Bio: Jiao-Wei Huang is an academic researcher from National Taiwan University. The author has contributed to research in topics: Low-power electronics & Non-uniform memory access. The author has an hindex of 2, co-authored 3 publications receiving 31 citations.

Improved weight assignment for logic switching activity during at-speed test pattern generation

Abstract: For two-pattern at-speed scan testing, the excessive power supply noise at the launch cycle may cause the circuit under test to malfunction, leading to yield loss. This paper proposes a new weight assignment scheme for logic switching activity; it enhances the IR-drop assessment capability of the existing weighted switching activity (WSA) model.

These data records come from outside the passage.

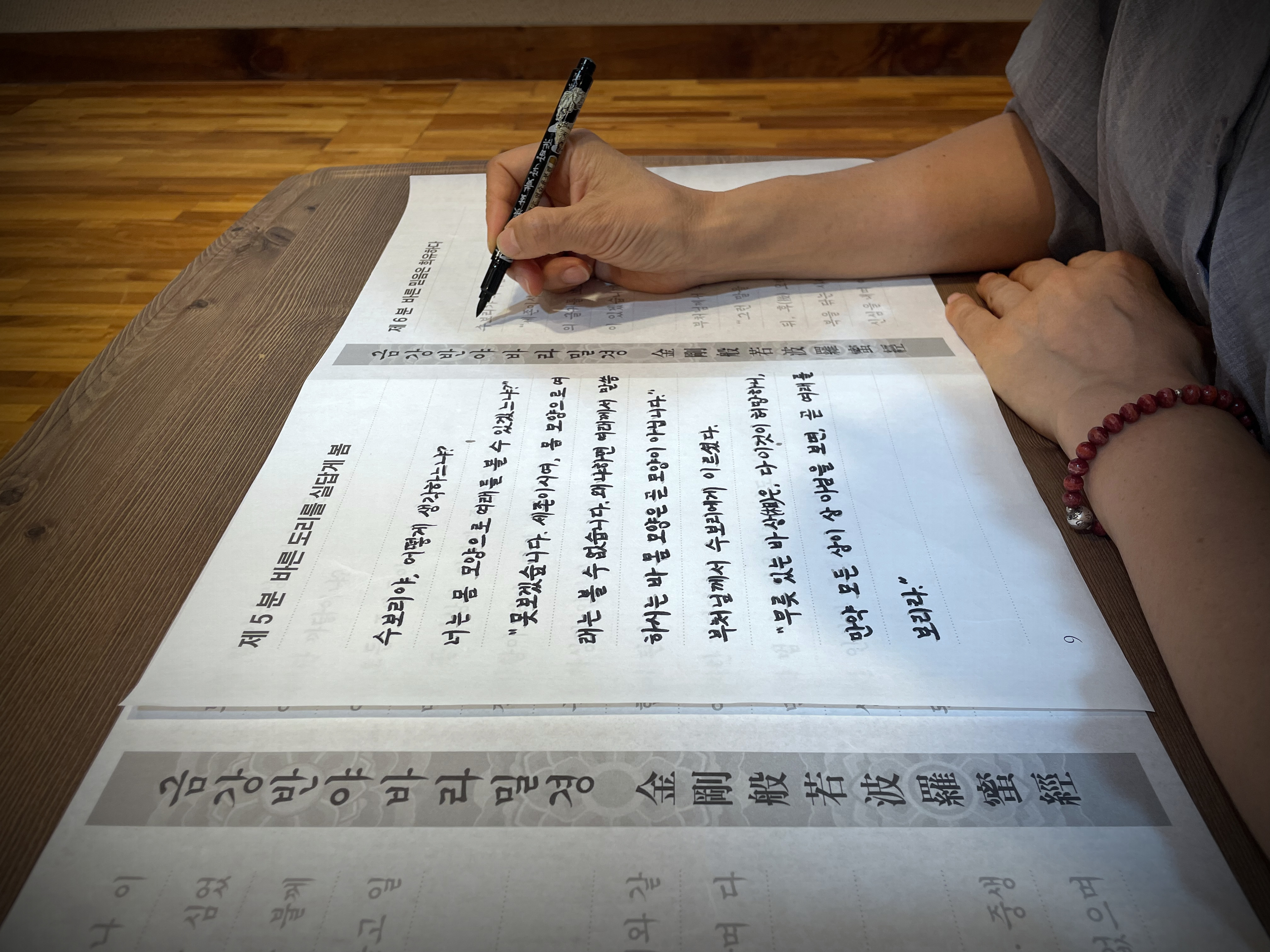 현대인의 분산된 의식과 불안을 치유하는 금강경 사경 명상은, 마음을 다스리고 본래의 평안을 회복하게 하는 수행법입니다. 한 자 한 자 정성껏 써 내려가는 과정에서 심신이 안정되고, 집중력과 내면의 고요함이 자연스럽게 깨어납니다.
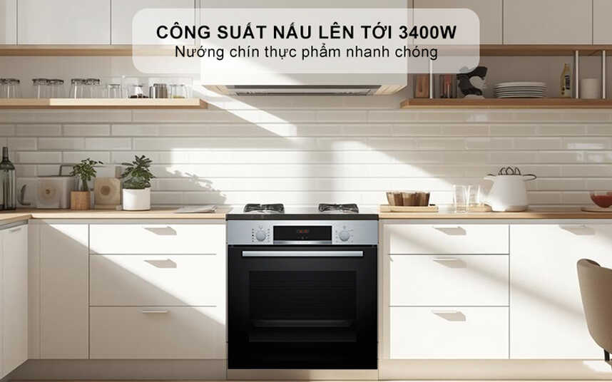 Lò nướng Bosch HBA514BS3 sở hữu công suất mạnh mẽ lên đến 3400W, giúp làm nóng nhanh chóng và duy trì nhiệt độ ổn định trong suốt quá trình nấu nướng. Nhờ hiệu suất cao, lò có thể nướng chín đều các nguyên liệu có kích thước lớn trong thời gian ngắn, đồng thời tiết kiệm đáng kể điện năng, mang đến trải nghiệm nấu nướng nhanh gọn và hiệu quả cho người dùng.
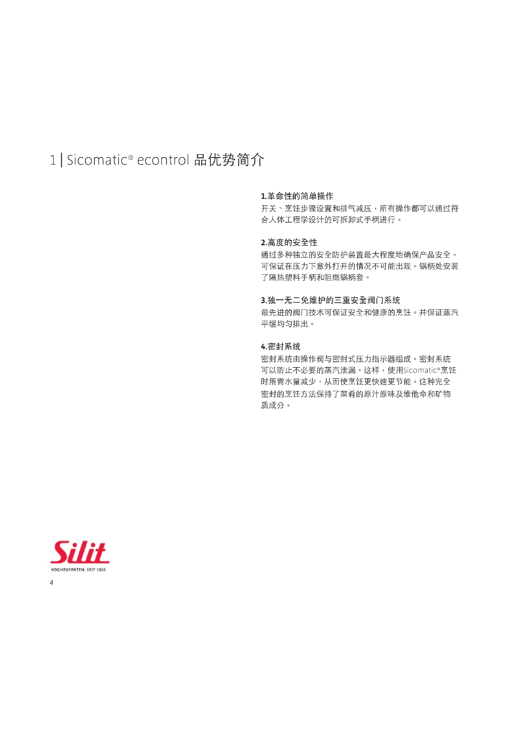 ZH4 1 | Sicomatic® econtrol产品优势简介 1.革命性的简单操作 开关、烹饪步骤设置和排气减压,所有操作都可以通过符 合人体工程学设计的可拆卸式手柄进行。 2.高度的安全性 通过多种独立的安全防护装置最大程度地确保产品安全。 可保证在压力下意外打开的情况不可能出现。锅柄处安装 了隔热塑料手柄和阻燃锅柄套。 3.独一无二免维护的三重安全阀门系统 最先进的阀门技术可保证安全和健康的烹饪。并保证蒸汽
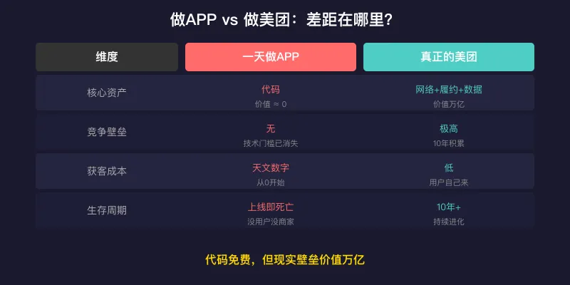 AI 能写代码,但 AI 不能给你变出来 1000 万商家、6 亿用户、600 万骑手。
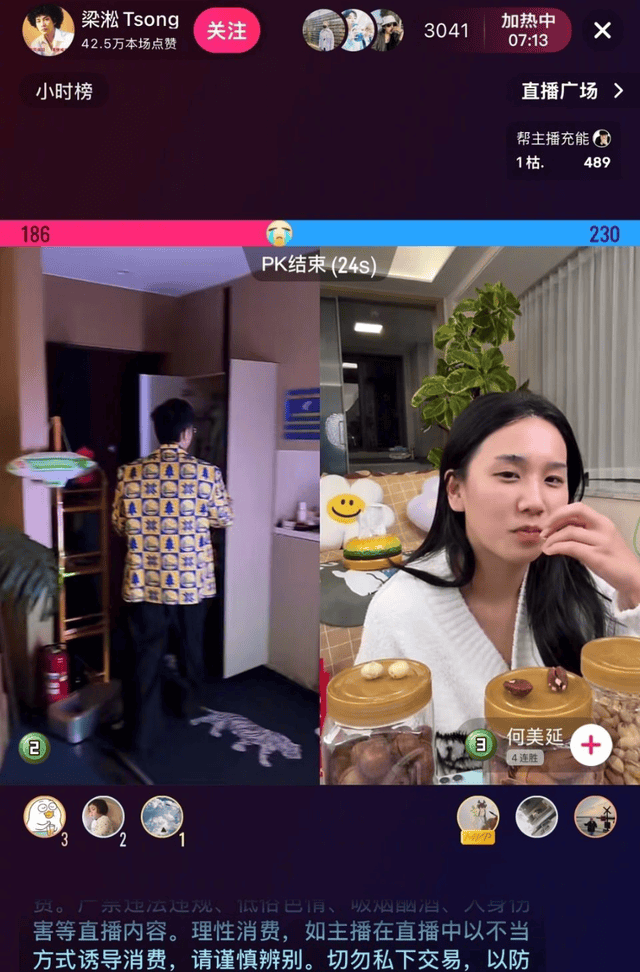 “总算出来自己挣钱了”“口条确实适合干直播”。有意思的是,何美延的丈夫梁淞和婆婆也出现了在『直播间』。几天前,这对夫妻还高调合体PK,唱歌跳舞,打情骂俏,梁淞左一句“老婆辛苦了”,右一个宠溺眼神,互动非常甜蜜,『直播间』人数瞬间破万,礼物🎁刷个不停,据说当晚收入超过五十万。
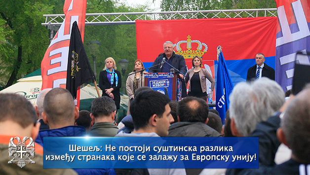 Председник Српске радикалне странке проф. др Војислав Шешељ, говорећи на митингу у Пожаревцу, истакао је да је данашња српска политичка сцена крајње поједностављена. Шешељ је објаснио да се сви политички субјекти који желе да виде Србију у Европској унији и НАТО пакту налазе на истој страни, без обзира што се често међусобно сукобљавају. Он је напоменуо да не постоји суштинска разлика између странака које су од 5. октобра до данас уништавале и пљачкале Србију и гурале њене грађане у све дубље безнађе. Шешељ је навео да се на другој страни политичке сцене налазе само српски радикали, који се оштро противе европским интеграцијама и инсистирају на интеграцији са Русијом.
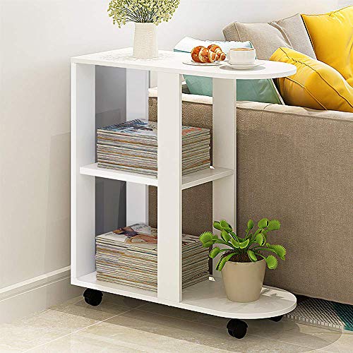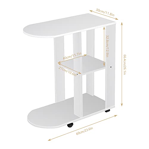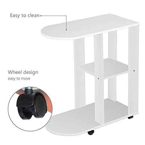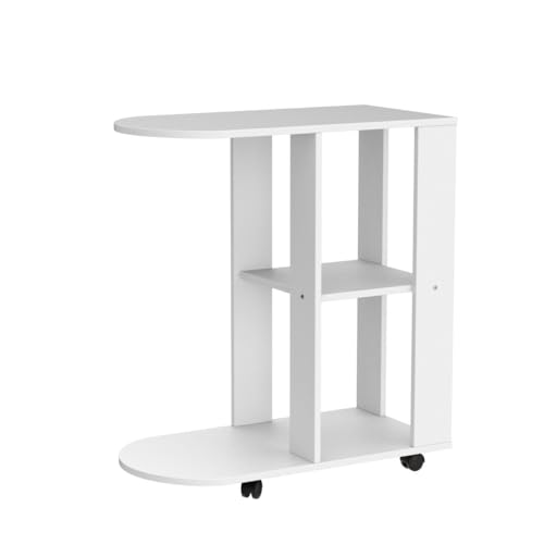 Mit 4 Rollen können Sie diesen weißen Sofa-Beistelltisch mühelos zur Küche, Balkon, Wohnzimmer, Büro oder Schlafzimmer bewegen.
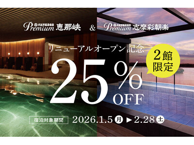 新年の旅行がお得に!2026年1月5日スタートリニューアルオープン記念25%OFFキャンペーン【Premium 恵那峡・Premium 志摩彩朝楽】

By including the power grid network structure information, the proposed weight assignment better reflects the regional IR-drop impact of each switching event. For ATPG, such comprehensive information is crucial in determining whether a switching event burdens the IR-drop effect. Simulation results show that, compared with previous weight assignment schemes, the estimated regional IR-drop profiles better correlate with those generated by commercial tools.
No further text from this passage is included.